Information given below:

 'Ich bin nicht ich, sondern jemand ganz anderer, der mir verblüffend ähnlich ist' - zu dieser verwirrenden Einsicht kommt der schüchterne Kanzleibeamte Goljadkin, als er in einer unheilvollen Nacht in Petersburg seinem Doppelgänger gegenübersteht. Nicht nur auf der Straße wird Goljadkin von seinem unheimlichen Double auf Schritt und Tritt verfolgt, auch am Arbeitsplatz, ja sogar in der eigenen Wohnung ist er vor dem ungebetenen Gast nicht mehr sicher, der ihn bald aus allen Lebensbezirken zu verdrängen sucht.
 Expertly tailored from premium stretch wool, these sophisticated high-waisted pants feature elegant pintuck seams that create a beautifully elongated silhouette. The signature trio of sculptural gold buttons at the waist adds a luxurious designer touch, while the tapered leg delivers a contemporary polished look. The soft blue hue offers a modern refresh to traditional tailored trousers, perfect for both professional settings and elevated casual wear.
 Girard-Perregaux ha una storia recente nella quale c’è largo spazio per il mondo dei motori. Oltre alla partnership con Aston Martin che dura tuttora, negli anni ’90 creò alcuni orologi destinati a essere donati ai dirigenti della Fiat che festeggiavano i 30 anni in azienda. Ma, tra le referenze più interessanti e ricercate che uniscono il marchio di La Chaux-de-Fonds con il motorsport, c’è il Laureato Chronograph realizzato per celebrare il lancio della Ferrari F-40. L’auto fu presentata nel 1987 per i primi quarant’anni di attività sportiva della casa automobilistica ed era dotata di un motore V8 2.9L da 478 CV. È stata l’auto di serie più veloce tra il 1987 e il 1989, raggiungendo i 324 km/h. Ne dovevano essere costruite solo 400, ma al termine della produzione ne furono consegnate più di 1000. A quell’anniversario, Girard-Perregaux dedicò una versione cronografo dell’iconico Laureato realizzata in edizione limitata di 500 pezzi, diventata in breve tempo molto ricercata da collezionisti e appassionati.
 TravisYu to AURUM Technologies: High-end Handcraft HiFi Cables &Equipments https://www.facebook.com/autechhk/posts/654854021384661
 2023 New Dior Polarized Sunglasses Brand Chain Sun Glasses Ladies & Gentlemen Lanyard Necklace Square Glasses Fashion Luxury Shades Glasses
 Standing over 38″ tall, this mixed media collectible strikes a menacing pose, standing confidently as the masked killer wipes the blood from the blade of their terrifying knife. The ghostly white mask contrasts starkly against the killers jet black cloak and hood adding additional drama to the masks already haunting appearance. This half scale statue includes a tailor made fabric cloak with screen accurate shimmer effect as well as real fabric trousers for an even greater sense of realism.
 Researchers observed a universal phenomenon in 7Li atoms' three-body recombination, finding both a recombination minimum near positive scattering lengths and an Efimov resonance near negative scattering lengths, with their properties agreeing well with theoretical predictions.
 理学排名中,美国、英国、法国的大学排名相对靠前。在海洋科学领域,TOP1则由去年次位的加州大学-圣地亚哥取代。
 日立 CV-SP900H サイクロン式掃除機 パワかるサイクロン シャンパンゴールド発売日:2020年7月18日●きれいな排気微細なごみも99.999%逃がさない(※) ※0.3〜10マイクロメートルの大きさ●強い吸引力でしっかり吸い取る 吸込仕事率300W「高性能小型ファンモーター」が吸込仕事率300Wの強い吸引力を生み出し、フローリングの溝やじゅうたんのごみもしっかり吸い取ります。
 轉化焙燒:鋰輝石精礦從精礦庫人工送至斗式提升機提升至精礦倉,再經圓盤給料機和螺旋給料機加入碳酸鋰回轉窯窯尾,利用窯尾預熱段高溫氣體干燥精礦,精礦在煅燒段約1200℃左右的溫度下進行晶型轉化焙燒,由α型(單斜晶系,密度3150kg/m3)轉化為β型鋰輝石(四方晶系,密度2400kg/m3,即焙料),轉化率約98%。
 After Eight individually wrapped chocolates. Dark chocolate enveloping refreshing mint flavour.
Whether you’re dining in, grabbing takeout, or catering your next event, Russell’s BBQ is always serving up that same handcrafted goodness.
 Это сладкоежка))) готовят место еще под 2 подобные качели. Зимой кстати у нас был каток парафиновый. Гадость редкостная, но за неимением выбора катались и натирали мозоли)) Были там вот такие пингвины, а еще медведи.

End of Information given.

From the records above, quote only the lines running from the line with "Researchers observed a" to the line with "After Eight individually", both lines included.

 Researchers observed a universal phenomenon in 7Li atoms' three-body recombination, finding both a recombination minimum near positive scattering lengths and an Efimov resonance near negative scattering lengths, with their properties agreeing well with theoretical predictions.
 理学排名中,美国、英国、法国的大学排名相对靠前。在海洋科学领域,TOP1则由去年次位的加州大学-圣地亚哥取代。
 日立 CV-SP900H サイクロン式掃除機 パワかるサイクロン シャンパンゴールド発売日:2020年7月18日●きれいな排気微細なごみも99.999%逃がさない(※) ※0.3〜10マイクロメートルの大きさ●強い吸引力でしっかり吸い取る 吸込仕事率300W「高性能小型ファンモーター」が吸込仕事率300Wの強い吸引力を生み出し、フローリングの溝やじゅうたんのごみもしっかり吸い取ります。
 轉化焙燒:鋰輝石精礦從精礦庫人工送至斗式提升機提升至精礦倉,再經圓盤給料機和螺旋給料機加入碳酸鋰回轉窯窯尾,利用窯尾預熱段高溫氣體干燥精礦,精礦在煅燒段約1200℃左右的溫度下進行晶型轉化焙燒,由α型(單斜晶系,密度3150kg/m3)轉化為β型鋰輝石(四方晶系,密度2400kg/m3,即焙料),轉化率約98%。
 After Eight individually wrapped chocolates. Dark chocolate enveloping refreshing mint flavour.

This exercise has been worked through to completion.